Discussions were also held with contractor representatives and other licensee personnel. The activities were examined to verify licensee compliance with regulatory requirements and gather information to help the NRC staff identify possible further regulatory positions and generic communications. Specifically, the inspectors reviewed or observed: (1) UT scanning analysis activities of the inside diameter (ID) of the nozzle for 5 penetrations; and (2) PT examination of the J-Groove weld of the nozzle for one penetration.

Findings The licensee performed a qualified visual inspection for all Control Rod Drive Mechanism (CRDM) nozzles and identified masked leak indications on two nozzles (1 and 7). Nozzles 5, 8, and 9 were visually examined with insufficient clearance to view 360 degrees all around. In order to confirm the leaks, the licensee performed UT on all five nozzles 1, 5, 7, 8, and 9. The examination method for UT is a top-down probe movement inside the nozzles with five transducers each for axial and circumferential crack examinations. This qualified UT examination method was used previously at all three Oconee units to identify axial and circumferential cracks. The techniques and equipment used during this inspection were improved to have more accuracy in finding and sizing cracks when compared results to previous inspections. Based on UT results, the licensee identified leaks in nozzle 7 and indications on nozzles 1 and 8. The licensee identified cracks found in nozzles 7 and 8 were axial cracks either ID, OD, or weld. The leak on nozzle 7 was a through wall leak. The licensee dispositioned nozzle 1 by performing PT examination on nozzle 1 OD and J-Groove weld and found no crack indications on the weld.

The licensee decided to repair two nozzles 7 and 8 which were identified to have leak and crack indications based on the UT results.

Framatome Procedure 54-ISI-100-06, Remote Ultrasonic Examination of Control Rod Drive Mechanism (CRDM) nozzles, was used for axial and circumferential UT scanning of the ID of the nozzles. The inspection techniques had been previously demonstrated

capable of detecting PWSCC type manufactured cracks as well as cracks from operation. The inspectors found that the UT inspections were being performed in accordance with approved and demonstrated procedures with trained and qualified inspection personnel. All examiners had significant experience, including experience inspecting vessel head penetrations.

The licensee captured this issue in their corrective action program as PIP O-02-01402.

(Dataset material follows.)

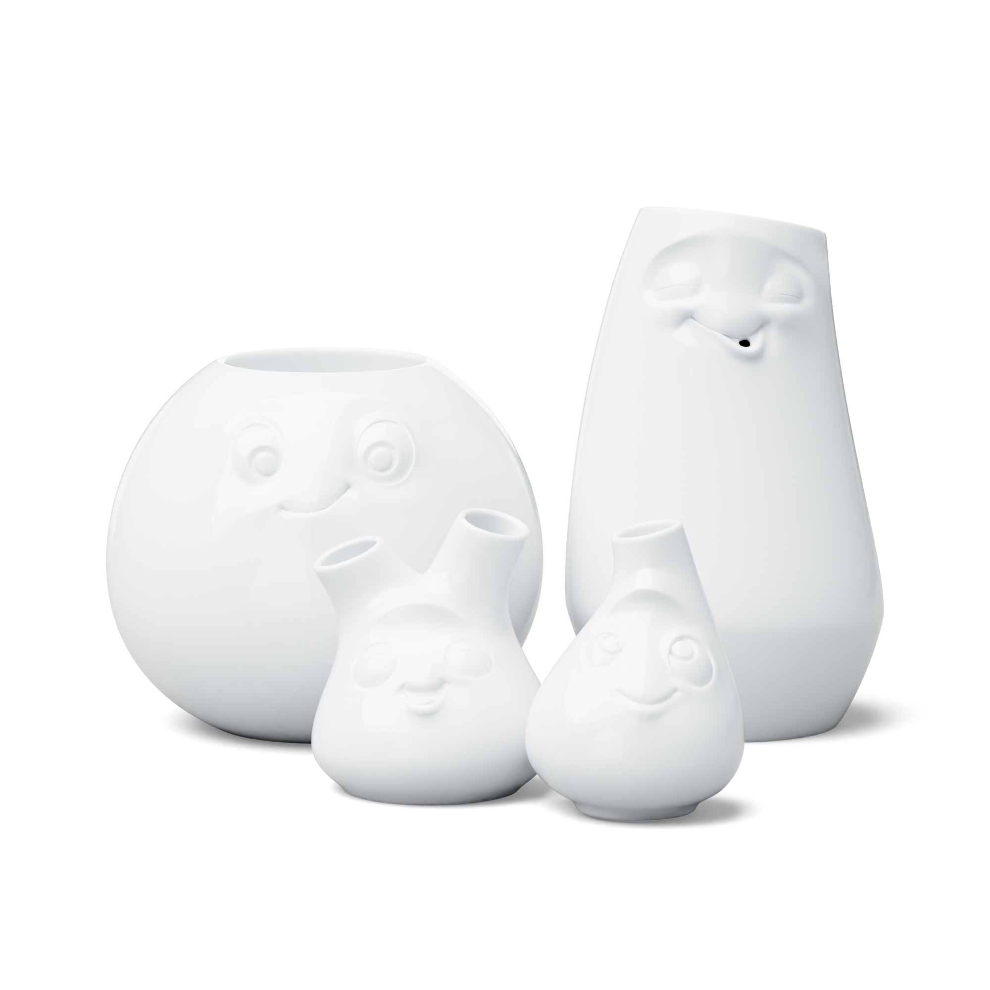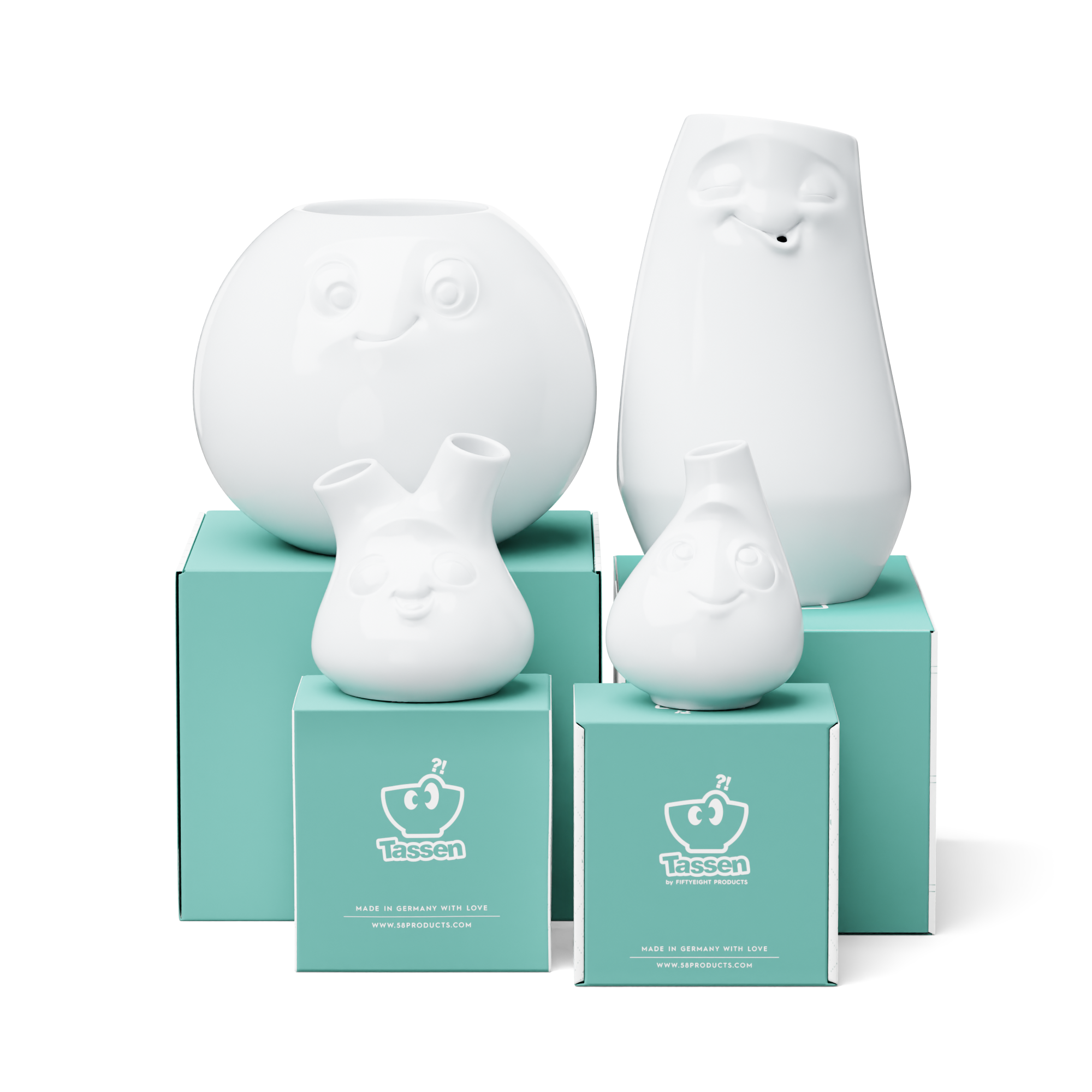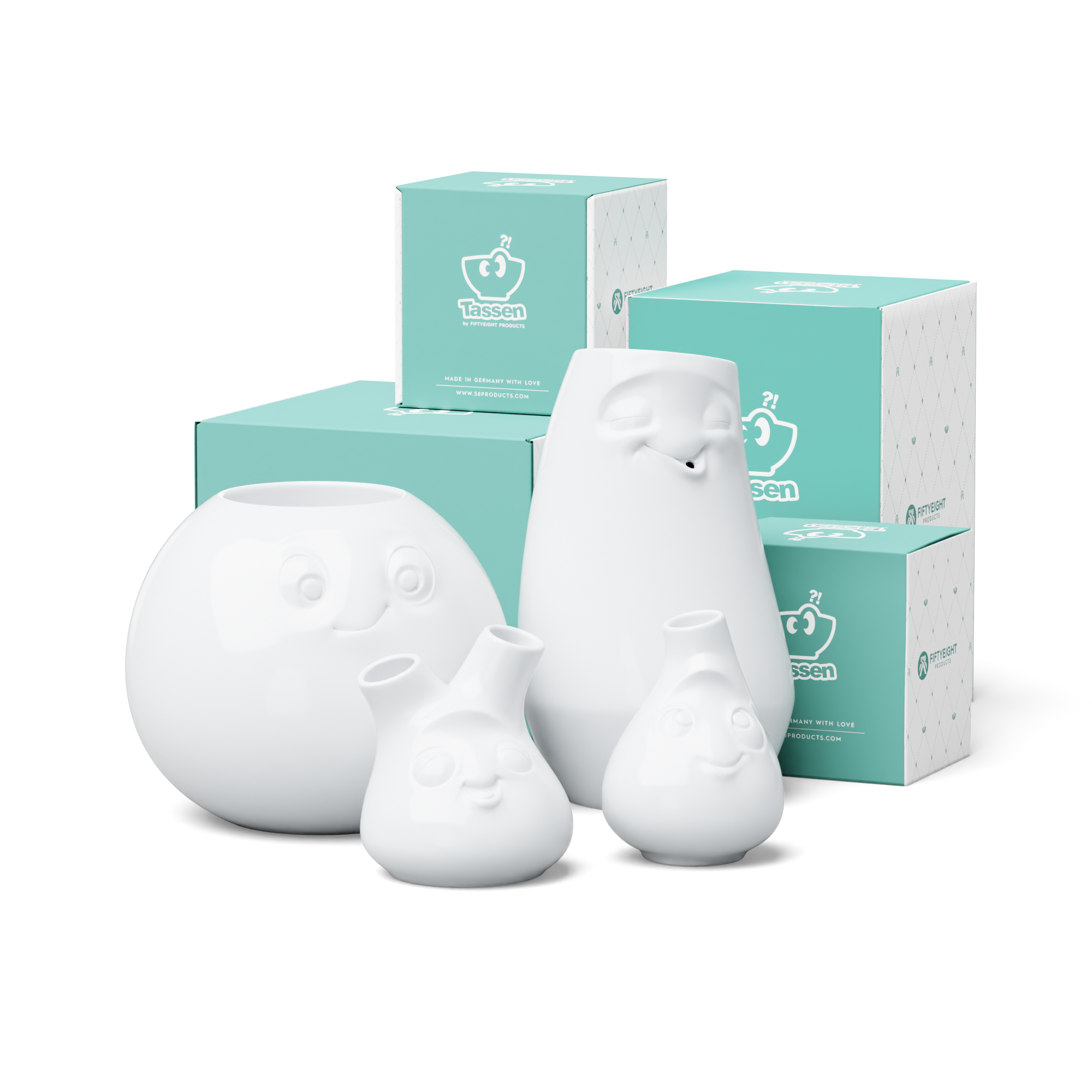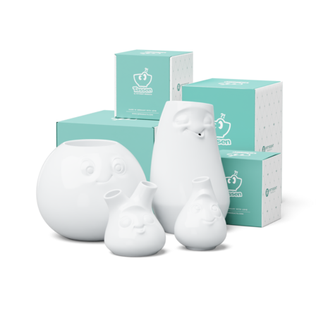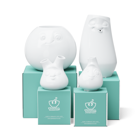 Our discounted Special Set FLOWER POWER contains all of our 4 Vases LAID-BACK, AMUSED, CHEEKY and CUTE + 5 Postcards.

This leakage problem violated Oconee TS 3.4.13 which states that Reactor Coolant System operational leakage shall be limited to no pressure boundary leakage. This event constituted a violation of NRC requirements. Pending determination of the significance of the issue, this is an Unresolved Item (URI) 50-269/02-02-03: Reactor Pressure Boundary Leakage During Operation.

.3 (Closed) URI 50-269,270,287/98-03-08: Licensing Basis Issues With Control Room Habitability This URI was opened for further NRC review of four licensing basis issues with control room habitability. The four issues were: (1) Unfiltered Air Inleakage Due To Control Room Pressure Less Than 1/8 Inch Water Gauge; (2) Unfiltered Air Inleakage Due To Single Failures; (3) Operator Dose Limits; and (4) TS. The inspector concerns with these issues involved apparent inconsistencies and non-conservatisms in operator dose calculations, operator dose limits, and TS requirements, with respect to NRC standards described in Three Mile Island (TMI) Action Item III.D.3.4, Control Room Habitability.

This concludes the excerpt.